Source data
--- --- ---

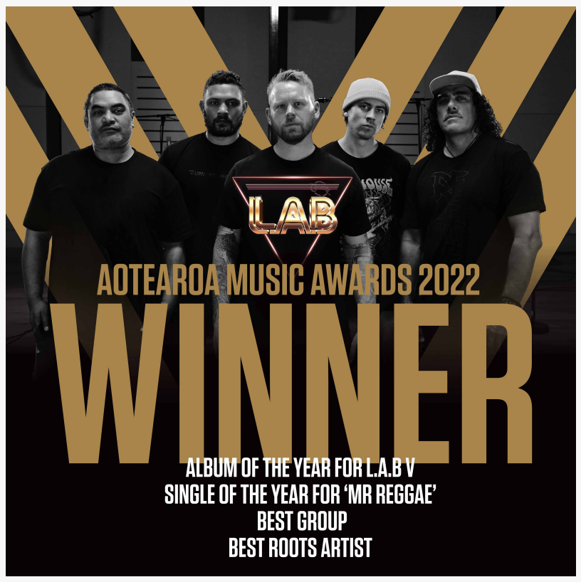
L.A.B win FOUR Aotearoa Music Awards for the second year running
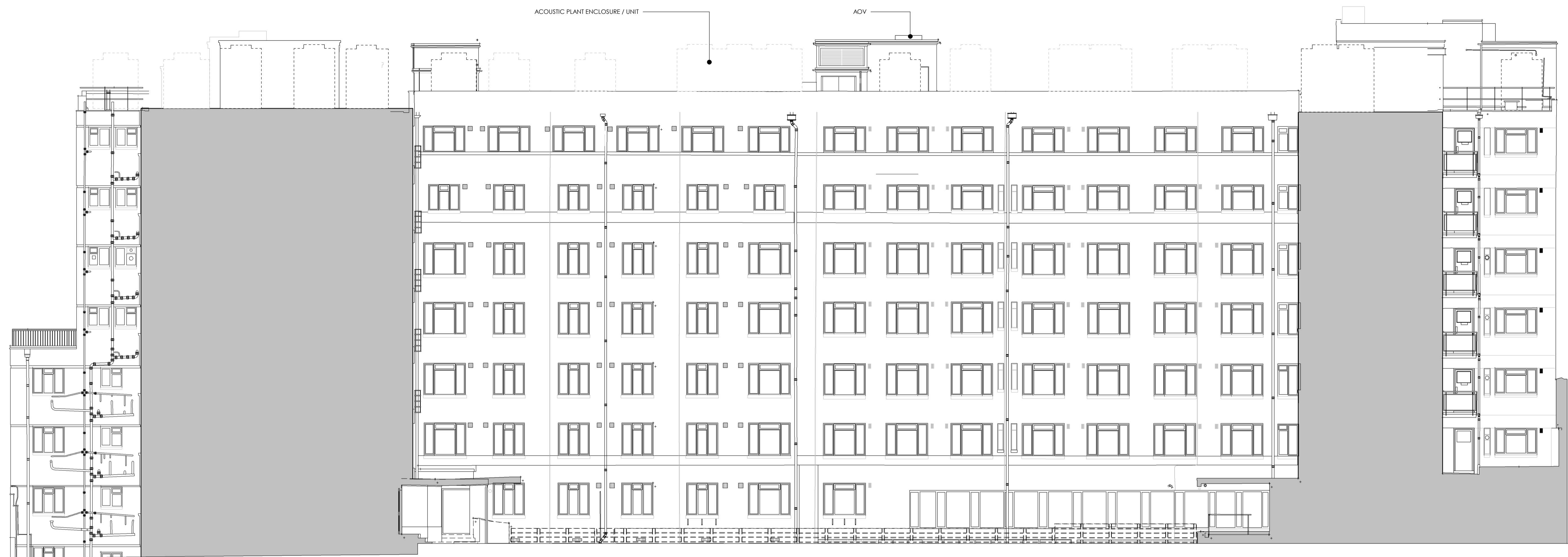
PLANT APP SOUTH EAST 1:100
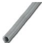
Protective hose, spring steel wire with PVC coating, highly stranded

Protective hose - WP-SPIRAL PVC C 21 - 3240852
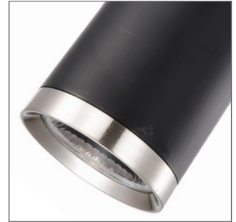
Matte Black/Brushed Nickel (62-829)
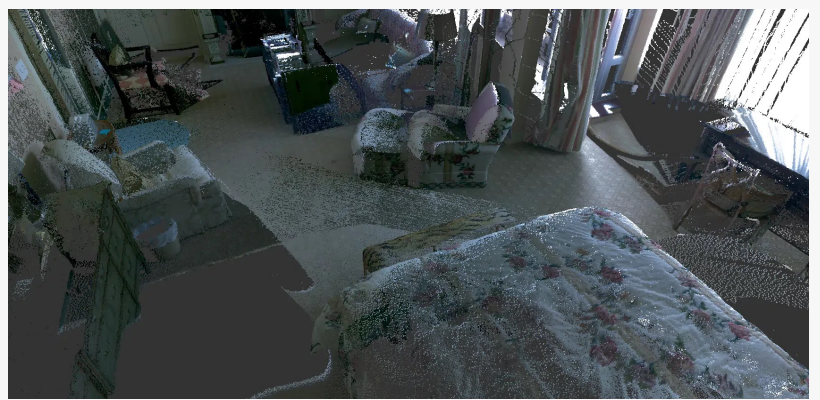
Laser Scanning for As-Built Project in Washington DC

Models of Mechanical, Electrical, Plumbing & Fire Protection services. Constructability reviews were conducted for RFI Generation & as-built updates. BIM engineers delivered shop drawings, facilitating complete coordination amongst engineers and MEP consultants. Detailed quantity takeoffs incorporating manufacturer's reference were also provided."

--- --- ---

▸ Try it
Without changing a word, retype the data above and omit its pictures.

▸ Answer for this exercise
L.A.B win FOUR Aotearoa Music Awards for the second year running
PLANT APP SOUTH EAST 1:100
Protective hose, spring steel wire with PVC coating, highly stranded

Protective hose - WP-SPIRAL PVC C 21 - 3240852
Matte Black/Brushed Nickel (62-829)
Laser Scanning for As-Built Project in Washington DC

Models of Mechanical, Electrical, Plumbing & Fire Protection services. Constructability reviews were conducted for RFI Generation & as-built updates. BIM engineers delivered shop drawings, facilitating complete coordination amongst engineers and MEP consultants. Detailed quantity takeoffs incorporating manufacturer's reference were also provided."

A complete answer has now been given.